> [AIM OF THE TASK] Entries follow. Give back exactly the lines starting at the one containing "(二)委員王鴻薇等17人擬具「監察院組織法第三條之一條文修正草案」案。" and ending at the one containing "2015年11月9日,在珙县", and no other lines.

[Records from a collection]
____________

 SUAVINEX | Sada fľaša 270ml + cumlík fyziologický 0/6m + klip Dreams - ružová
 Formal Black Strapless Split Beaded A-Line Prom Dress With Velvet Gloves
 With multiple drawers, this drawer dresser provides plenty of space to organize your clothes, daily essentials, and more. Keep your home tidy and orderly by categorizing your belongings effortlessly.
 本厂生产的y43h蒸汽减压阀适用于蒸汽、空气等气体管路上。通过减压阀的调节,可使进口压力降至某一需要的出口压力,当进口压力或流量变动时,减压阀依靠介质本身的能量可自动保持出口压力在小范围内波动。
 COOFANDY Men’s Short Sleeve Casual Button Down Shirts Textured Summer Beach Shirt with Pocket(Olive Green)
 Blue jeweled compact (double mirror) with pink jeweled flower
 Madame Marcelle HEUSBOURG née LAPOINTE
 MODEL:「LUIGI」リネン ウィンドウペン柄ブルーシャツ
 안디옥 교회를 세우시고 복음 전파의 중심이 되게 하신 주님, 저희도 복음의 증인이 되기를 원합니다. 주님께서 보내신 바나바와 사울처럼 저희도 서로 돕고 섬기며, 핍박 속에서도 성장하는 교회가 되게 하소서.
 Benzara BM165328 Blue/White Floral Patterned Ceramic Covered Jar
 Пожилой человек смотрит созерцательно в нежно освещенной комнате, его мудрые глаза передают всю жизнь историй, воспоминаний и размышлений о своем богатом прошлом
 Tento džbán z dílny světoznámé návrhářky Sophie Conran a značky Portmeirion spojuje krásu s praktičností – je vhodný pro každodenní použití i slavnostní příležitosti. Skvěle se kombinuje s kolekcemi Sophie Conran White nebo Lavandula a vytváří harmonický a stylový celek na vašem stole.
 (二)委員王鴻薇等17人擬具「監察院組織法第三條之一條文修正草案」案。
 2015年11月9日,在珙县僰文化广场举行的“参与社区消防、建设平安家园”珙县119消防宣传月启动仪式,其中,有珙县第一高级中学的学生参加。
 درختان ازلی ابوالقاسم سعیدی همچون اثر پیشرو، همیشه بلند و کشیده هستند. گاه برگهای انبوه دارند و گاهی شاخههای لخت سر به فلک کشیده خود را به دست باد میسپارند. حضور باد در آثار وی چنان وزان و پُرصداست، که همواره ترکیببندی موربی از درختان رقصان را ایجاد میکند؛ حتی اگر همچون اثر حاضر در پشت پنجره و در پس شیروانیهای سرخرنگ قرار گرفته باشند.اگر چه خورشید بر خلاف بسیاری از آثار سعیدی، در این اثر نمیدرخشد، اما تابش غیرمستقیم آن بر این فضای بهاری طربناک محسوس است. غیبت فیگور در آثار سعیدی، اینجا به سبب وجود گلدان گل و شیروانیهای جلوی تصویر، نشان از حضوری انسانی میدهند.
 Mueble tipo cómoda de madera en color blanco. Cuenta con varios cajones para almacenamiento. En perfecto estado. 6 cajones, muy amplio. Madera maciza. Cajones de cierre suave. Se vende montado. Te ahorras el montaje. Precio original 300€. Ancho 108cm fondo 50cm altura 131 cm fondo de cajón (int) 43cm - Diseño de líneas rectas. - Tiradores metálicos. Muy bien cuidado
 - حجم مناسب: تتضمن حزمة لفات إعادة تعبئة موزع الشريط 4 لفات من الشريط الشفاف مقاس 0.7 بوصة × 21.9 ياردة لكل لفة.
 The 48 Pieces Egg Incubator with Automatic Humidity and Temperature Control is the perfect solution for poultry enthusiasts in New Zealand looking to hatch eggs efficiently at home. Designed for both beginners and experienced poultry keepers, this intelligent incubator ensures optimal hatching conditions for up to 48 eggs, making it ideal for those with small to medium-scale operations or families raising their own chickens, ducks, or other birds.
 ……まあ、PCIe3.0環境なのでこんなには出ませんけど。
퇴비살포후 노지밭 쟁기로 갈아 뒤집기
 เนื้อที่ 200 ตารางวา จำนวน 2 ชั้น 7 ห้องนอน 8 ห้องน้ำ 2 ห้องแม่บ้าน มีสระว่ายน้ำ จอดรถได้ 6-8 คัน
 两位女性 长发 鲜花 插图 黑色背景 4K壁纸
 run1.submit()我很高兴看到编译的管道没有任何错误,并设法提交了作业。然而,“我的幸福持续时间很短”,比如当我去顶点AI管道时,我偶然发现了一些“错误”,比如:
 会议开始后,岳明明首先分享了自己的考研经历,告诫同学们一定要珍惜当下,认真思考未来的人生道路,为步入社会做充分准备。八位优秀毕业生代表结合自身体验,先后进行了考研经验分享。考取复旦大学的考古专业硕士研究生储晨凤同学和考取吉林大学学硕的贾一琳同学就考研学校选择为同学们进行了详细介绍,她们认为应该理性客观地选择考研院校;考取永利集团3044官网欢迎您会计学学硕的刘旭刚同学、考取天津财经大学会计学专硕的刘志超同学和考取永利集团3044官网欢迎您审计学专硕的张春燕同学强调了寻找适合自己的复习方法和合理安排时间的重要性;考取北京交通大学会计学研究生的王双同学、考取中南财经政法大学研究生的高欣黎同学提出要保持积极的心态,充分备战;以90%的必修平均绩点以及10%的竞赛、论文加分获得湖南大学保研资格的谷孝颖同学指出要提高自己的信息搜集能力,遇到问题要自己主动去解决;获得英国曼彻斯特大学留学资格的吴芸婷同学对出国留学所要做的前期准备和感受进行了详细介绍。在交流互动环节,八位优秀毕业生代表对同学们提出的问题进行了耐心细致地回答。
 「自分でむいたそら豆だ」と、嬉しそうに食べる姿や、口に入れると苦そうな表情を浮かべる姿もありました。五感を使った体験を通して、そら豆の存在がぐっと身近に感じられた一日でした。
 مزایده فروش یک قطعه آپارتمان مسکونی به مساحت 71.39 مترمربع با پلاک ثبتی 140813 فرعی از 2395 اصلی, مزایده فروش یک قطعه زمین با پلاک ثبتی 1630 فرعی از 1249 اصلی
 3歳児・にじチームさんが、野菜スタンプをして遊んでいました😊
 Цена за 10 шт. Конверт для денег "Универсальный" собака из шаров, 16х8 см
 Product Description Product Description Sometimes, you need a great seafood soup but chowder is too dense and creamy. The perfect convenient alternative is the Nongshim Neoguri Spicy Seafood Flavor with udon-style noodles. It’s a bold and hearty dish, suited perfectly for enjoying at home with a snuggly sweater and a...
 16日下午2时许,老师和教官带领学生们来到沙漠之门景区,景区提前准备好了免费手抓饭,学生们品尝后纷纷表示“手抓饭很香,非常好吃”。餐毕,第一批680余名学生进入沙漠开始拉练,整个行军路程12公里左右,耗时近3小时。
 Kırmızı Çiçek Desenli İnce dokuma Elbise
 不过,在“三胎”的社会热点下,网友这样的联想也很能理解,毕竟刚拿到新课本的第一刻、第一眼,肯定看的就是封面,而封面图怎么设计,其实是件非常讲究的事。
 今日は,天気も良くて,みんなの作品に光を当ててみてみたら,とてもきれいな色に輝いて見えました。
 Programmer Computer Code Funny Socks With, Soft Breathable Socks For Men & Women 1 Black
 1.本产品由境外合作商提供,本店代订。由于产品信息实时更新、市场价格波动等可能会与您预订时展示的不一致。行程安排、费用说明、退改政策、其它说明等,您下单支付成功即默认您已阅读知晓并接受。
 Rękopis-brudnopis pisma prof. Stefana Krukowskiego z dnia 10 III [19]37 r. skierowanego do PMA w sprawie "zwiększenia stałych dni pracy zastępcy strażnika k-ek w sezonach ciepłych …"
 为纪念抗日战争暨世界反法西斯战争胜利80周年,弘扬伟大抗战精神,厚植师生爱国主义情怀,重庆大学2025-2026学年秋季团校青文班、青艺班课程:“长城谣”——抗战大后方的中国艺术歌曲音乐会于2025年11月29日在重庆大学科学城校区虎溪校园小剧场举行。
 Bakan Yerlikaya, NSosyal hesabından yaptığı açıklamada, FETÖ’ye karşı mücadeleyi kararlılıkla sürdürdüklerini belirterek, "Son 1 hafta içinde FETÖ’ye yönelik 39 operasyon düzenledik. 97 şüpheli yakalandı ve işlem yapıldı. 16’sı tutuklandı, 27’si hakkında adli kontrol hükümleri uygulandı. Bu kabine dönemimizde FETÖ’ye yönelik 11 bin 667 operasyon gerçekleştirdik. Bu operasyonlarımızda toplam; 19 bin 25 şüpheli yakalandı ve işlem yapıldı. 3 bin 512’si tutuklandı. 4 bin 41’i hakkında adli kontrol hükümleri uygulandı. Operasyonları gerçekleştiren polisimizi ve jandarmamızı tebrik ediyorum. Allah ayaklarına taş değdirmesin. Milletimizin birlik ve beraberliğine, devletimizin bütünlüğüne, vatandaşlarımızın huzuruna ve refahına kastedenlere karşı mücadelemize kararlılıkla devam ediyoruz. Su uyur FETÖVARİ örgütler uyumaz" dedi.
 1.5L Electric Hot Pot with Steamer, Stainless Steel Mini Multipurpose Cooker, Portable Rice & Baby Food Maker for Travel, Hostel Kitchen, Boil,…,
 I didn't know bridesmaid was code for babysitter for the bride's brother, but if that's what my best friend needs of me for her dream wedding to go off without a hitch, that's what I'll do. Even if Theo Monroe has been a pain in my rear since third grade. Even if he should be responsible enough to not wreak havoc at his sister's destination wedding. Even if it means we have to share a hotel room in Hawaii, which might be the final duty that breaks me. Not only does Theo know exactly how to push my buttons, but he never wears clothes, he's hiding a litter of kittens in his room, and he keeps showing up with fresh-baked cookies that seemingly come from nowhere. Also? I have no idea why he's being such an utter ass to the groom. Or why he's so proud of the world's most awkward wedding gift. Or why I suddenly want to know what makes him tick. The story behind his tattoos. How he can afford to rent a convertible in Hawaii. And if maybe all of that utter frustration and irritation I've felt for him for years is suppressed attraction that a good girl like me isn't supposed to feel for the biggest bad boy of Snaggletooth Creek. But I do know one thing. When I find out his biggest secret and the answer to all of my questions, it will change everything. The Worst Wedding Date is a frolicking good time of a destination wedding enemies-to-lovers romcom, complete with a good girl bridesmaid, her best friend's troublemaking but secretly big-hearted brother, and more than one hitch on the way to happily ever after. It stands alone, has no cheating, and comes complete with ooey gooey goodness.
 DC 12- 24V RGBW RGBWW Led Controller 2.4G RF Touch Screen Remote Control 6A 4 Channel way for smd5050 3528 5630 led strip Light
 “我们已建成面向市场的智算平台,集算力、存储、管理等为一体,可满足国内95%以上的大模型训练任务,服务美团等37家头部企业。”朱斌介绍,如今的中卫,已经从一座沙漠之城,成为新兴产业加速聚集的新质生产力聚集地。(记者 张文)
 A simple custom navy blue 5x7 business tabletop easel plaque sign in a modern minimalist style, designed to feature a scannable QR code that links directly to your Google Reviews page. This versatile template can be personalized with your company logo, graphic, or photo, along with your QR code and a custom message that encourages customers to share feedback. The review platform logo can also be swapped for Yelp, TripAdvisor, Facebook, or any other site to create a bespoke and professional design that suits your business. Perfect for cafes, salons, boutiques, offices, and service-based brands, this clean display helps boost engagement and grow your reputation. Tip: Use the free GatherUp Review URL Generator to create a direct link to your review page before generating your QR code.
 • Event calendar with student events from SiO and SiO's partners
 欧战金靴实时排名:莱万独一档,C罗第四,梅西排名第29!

____________

> [EXERCISE SOLUTION]
 (二)委員王鴻薇等17人擬具「監察院組織法第三條之一條文修正草案」案。
 2015年11月9日,在珙县僰文化广场举行的“参与社区消防、建设平安家园”珙县119消防宣传月启动仪式,其中,有珙县第一高级中学的学生参加。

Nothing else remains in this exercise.